((

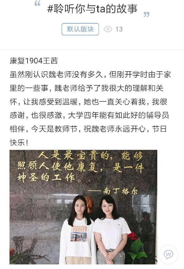 康复1904王茜与辅导员的故事
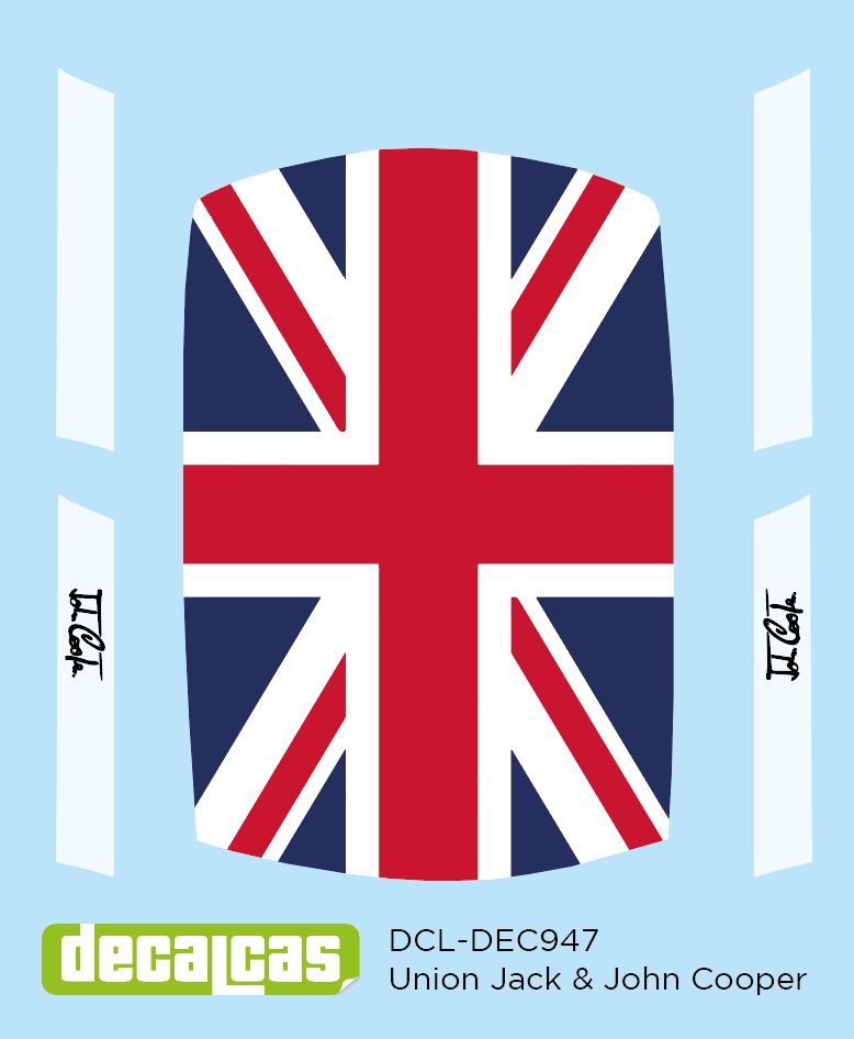 Marking / livery for 1/24 scale models: Union Jack and John Cooper for Mini Cooper 1.3 (ref. DCL-DEC947)
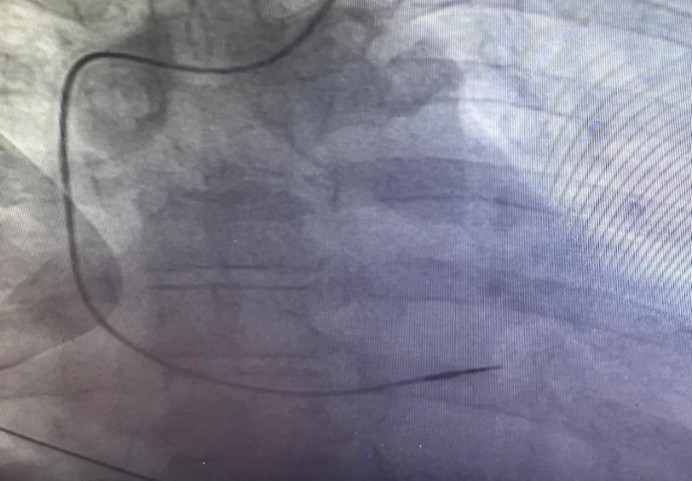 ECG at emergency department revealed loss of capture of pacemaker spikes [Figure 1]. Pacemaker interrogation showed complete loss of pacing and sensing of the ventricular lead. The patient admitted to any manipulation of the pace maker. Fluoroscopy revealed coiling of the pacing lead around the pulse generator [Figure 2]. The pacemaker pocket was reopened. Fortunately, both the insulation and the conductor of the lead were intact. The same lead was repositioned and proved to be functional with good pacing and sensing parameters [Figure 3]. The pulse generator was fixed on the pectoral muscle with non-absorbable sutures. No further complications were detected in one year follow-up.
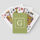 Avocado Green White Framed Initial Monogram Playing Cards
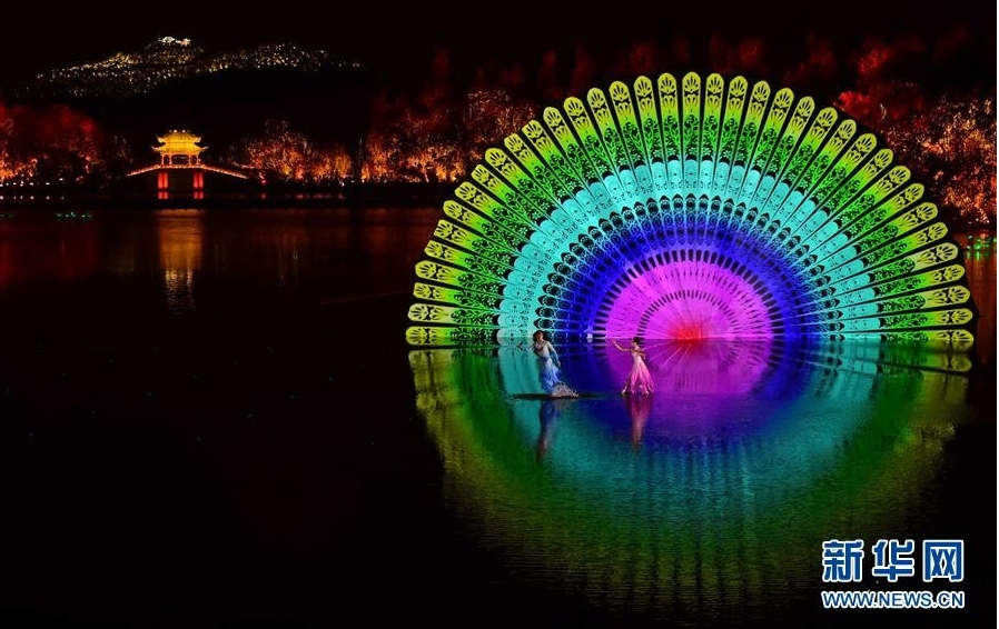 演出画面充满了工笔水墨画的效果。50分钟的演出里有100个以上的灯光变化,色彩典雅不张扬,刻画了一个诗情画意的氛围。另外,临近中秋佳节,月亮也成为演出中的一个重要元素,花好月圆、美满团圆也是中国人的传统祝愿和祈福。

))

_TASK PROMPT_
From the records above, transcribe exactly the lines starting at the one containing "Marking / livery" and ending at the one containing "Avocado Green White". Skip the pictures.

_EXERCISE RESULT_
 Marking / livery for 1/24 scale models: Union Jack and John Cooper for Mini Cooper 1.3 (ref. DCL-DEC947)
 ECG at emergency department revealed loss of capture of pacemaker spikes [Figure 1]. Pacemaker interrogation showed complete loss of pacing and sensing of the ventricular lead. The patient admitted to any manipulation of the pace maker. Fluoroscopy revealed coiling of the pacing lead around the pulse generator [Figure 2]. The pacemaker pocket was reopened. Fortunately, both the insulation and the conductor of the lead were intact. The same lead was repositioned and proved to be functional with good pacing and sensing parameters [Figure 3]. The pulse generator was fixed on the pectoral muscle with non-absorbable sutures. No further complications were detected in one year follow-up.
 Avocado Green White Framed Initial Monogram Playing Cards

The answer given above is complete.